# Aim of the exercise
From the line containing "Po krátkém posezení" to the line containing "This Missoni cardigan" in the entries below, reproduce every line exactly, ends included. Nothing else belongs in the copy, and no pictures.

Excerpts from a dataset

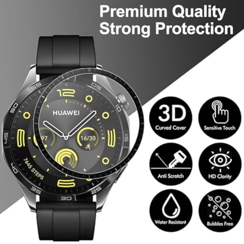 NESLIN - واقي شاشة ثلاثي الابعاد من نيسلين متوافق مع ساعة هواوي GT4 2023، طبقة حماية شفافة عالية الدقة HD خالية من الفقاعات من الزجاج المقوى متوافقة مع ساعة هواوي GT4 2023 مضادة للخدش (41 ملم)
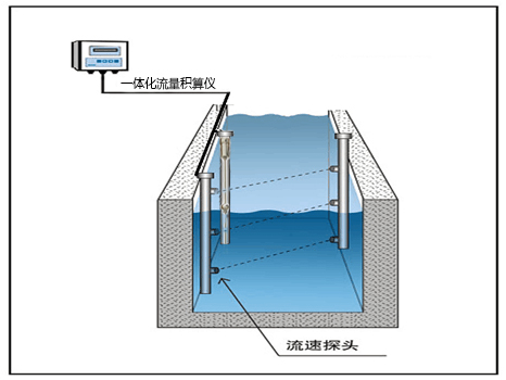 流量測量原理是在規則的某處斷面,實時檢測通過該斷面的不同水層的流速,通過多次采集,而后通過數據建模方式得出平均流速。結合該斷面的結構形式(如:梯形渠、U型渠和矩形等)和當前水位,依據《水力學》的計算公式,適當的修正粗糙系數,最終計算出該斷面的瞬時流量,一般以5分鐘為時間單位頻率,若特殊需求,可提高采集頻率,以便達到更高的精準度。
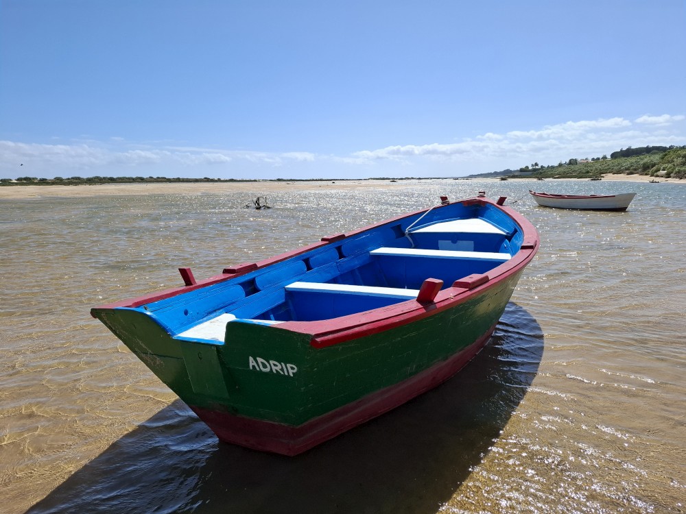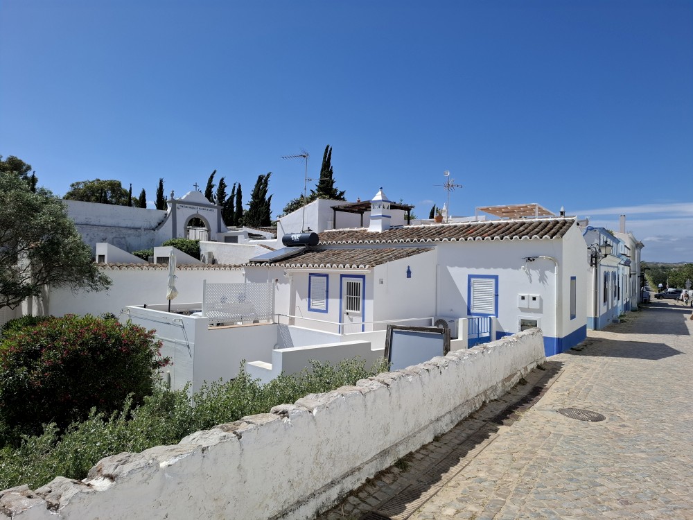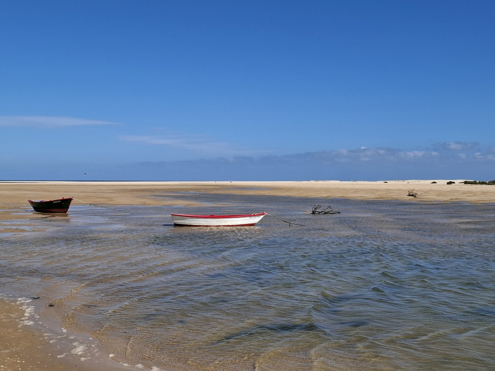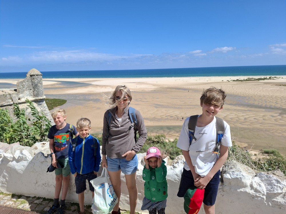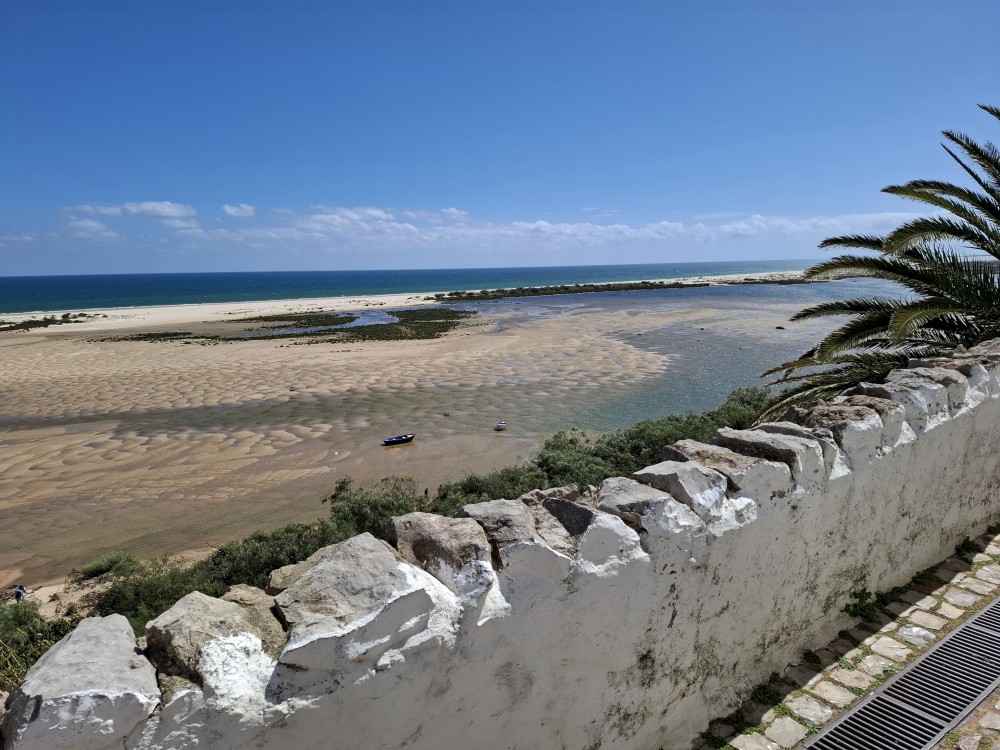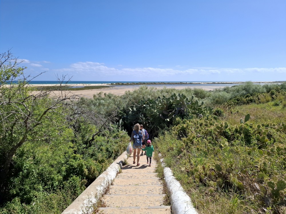 Po krátkém posezení jdeme k řece a na starý most. Děti jdou pak do obchdu se suvenýry, já jdu místo toho na rychlou procházku městem a zmrzlinu. Znovu se setkáváme, jdeme k autu a přejíždíme do Cacela Velha. Z tohoto místa jsme nadšeni. Z místní pevnosti jsou krásné výhledy na mokřady Ria Formosa a přilehlý oceán. Je zde písečná laguna s mělkými vodními jezírky.
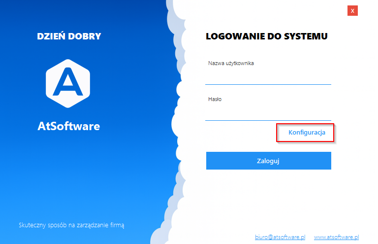- Z poziomu ekranu logowania - przycisk "Konfiguracja" (nie wymaga logowania)
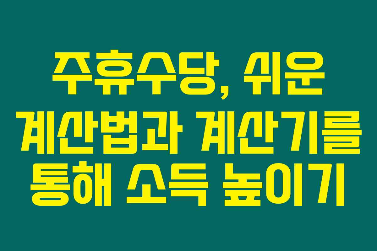 주휴수당 계산기를 통해 자신의 근로시간과 시급을 입력하면 쉽게 주휴수당을 계산할 수 있습니다.
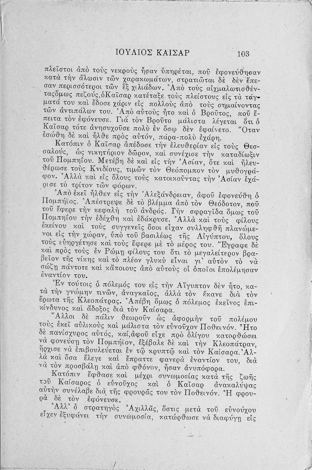 Μαθητικό βοήθημα για το μάθημα των Αρχαίων Ελληνικών. Περιλαμβάνει τις βιογραφίες του Μ. Αλεξάνδρου κι του Ιούλιου Καίσαρα.
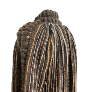 This Missoni cardigan coat, crafted in Italy, showcases a timeless striped pattern in shades of brown and beige. Its wool construction ensures warmth and durability, perfect for the colder months. The design features a distinctive ribbed texture and elegant button closures, offering both style and functionality. A quintessential piece for any wardrobe.
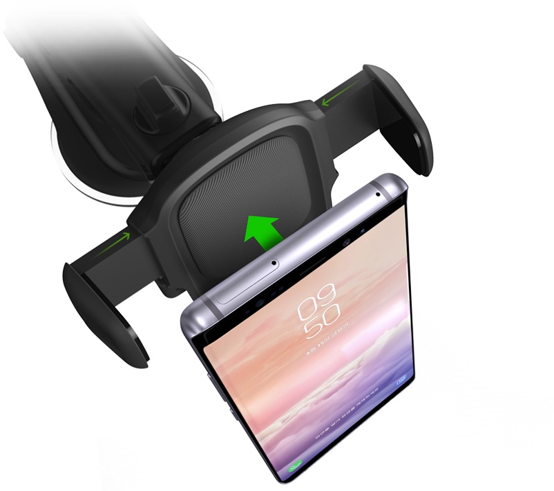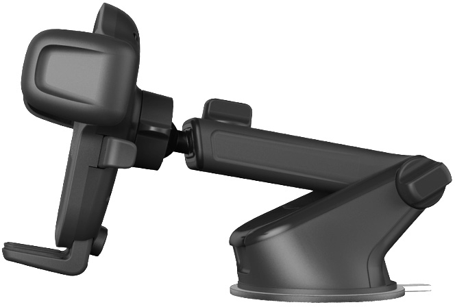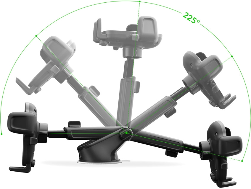 Het kogelgewricht maakt het mogelijk om de houder in bijna elke hoek te draaien en de telescopische arm zorgt ervoor dat je het toestel nog iets dichterbij kunt halen. Met een druk op 2 knoppen aan de zijkanten van de houder laten de armen het toestel los zodat je het toestel makkelijk uit de houder kunt nemen. Deze houder kan je op het dashboard of aan het raam bevestigen.
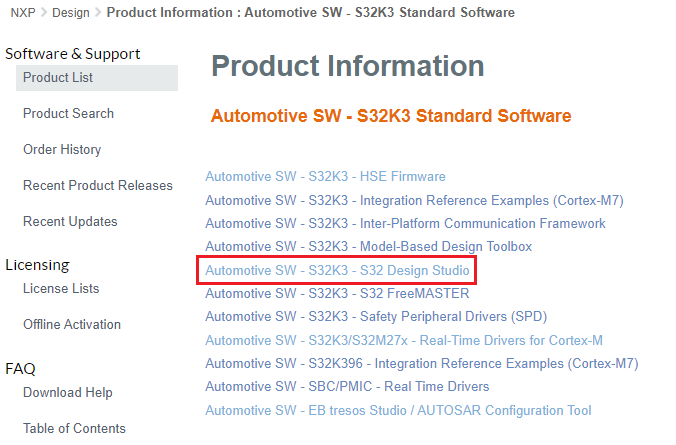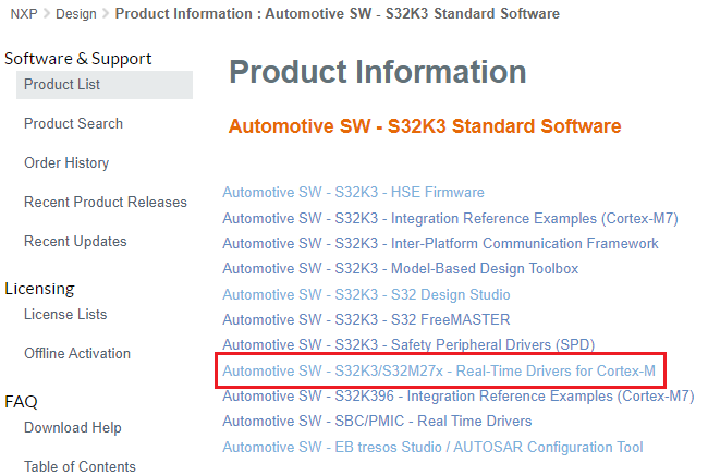 [Automotive SW(車載SW)]→[S32K3 Standard Software(S32K3標準ソフトウェア)]→[Automotive SW(車載SW)]→[S32K3]→[Real-Time Driver for Cortex-M(Cortex-M向けリアルタイム・ドライバ)]→[S32K3 Real-Time Drivers Version 2.0.1(S32K3リアルタイム・ドライバ、バージョン2.0.1)]→ SW32K3_RTD_4.4_2.0.1_DS_updatesite_D2207.zip
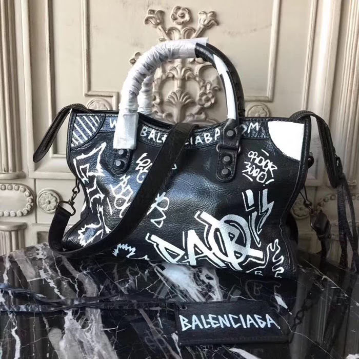 BALENCIAG巴黎世家 Graffiti Classic City30cm機車包 義大利爆裂紋羊皮 手繪彩色塗鴉 手提肩背斜挎包  BL1464

# Result of this exercise
 Po krátkém posezení jdeme k řece a na starý most. Děti jdou pak do obchdu se suvenýry, já jdu místo toho na rychlou procházku městem a zmrzlinu. Znovu se setkáváme, jdeme k autu a přejíždíme do Cacela Velha. Z tohoto místa jsme nadšeni. Z místní pevnosti jsou krásné výhledy na mokřady Ria Formosa a přilehlý oceán. Je zde písečná laguna s mělkými vodními jezírky.
- Z poziomu ekranu logowania - przycisk "Konfiguracja" (nie wymaga logowania)
 주휴수당 계산기를 통해 자신의 근로시간과 시급을 입력하면 쉽게 주휴수당을 계산할 수 있습니다.
 Μαθητικό βοήθημα για το μάθημα των Αρχαίων Ελληνικών. Περιλαμβάνει τις βιογραφίες του Μ. Αλεξάνδρου κι του Ιούλιου Καίσαρα.
 This Missoni cardigan coat, crafted in Italy, showcases a timeless striped pattern in shades of brown and beige. Its wool construction ensures warmth and durability, perfect for the colder months. The design features a distinctive ribbed texture and elegant button closures, offering both style and functionality. A quintessential piece for any wardrobe.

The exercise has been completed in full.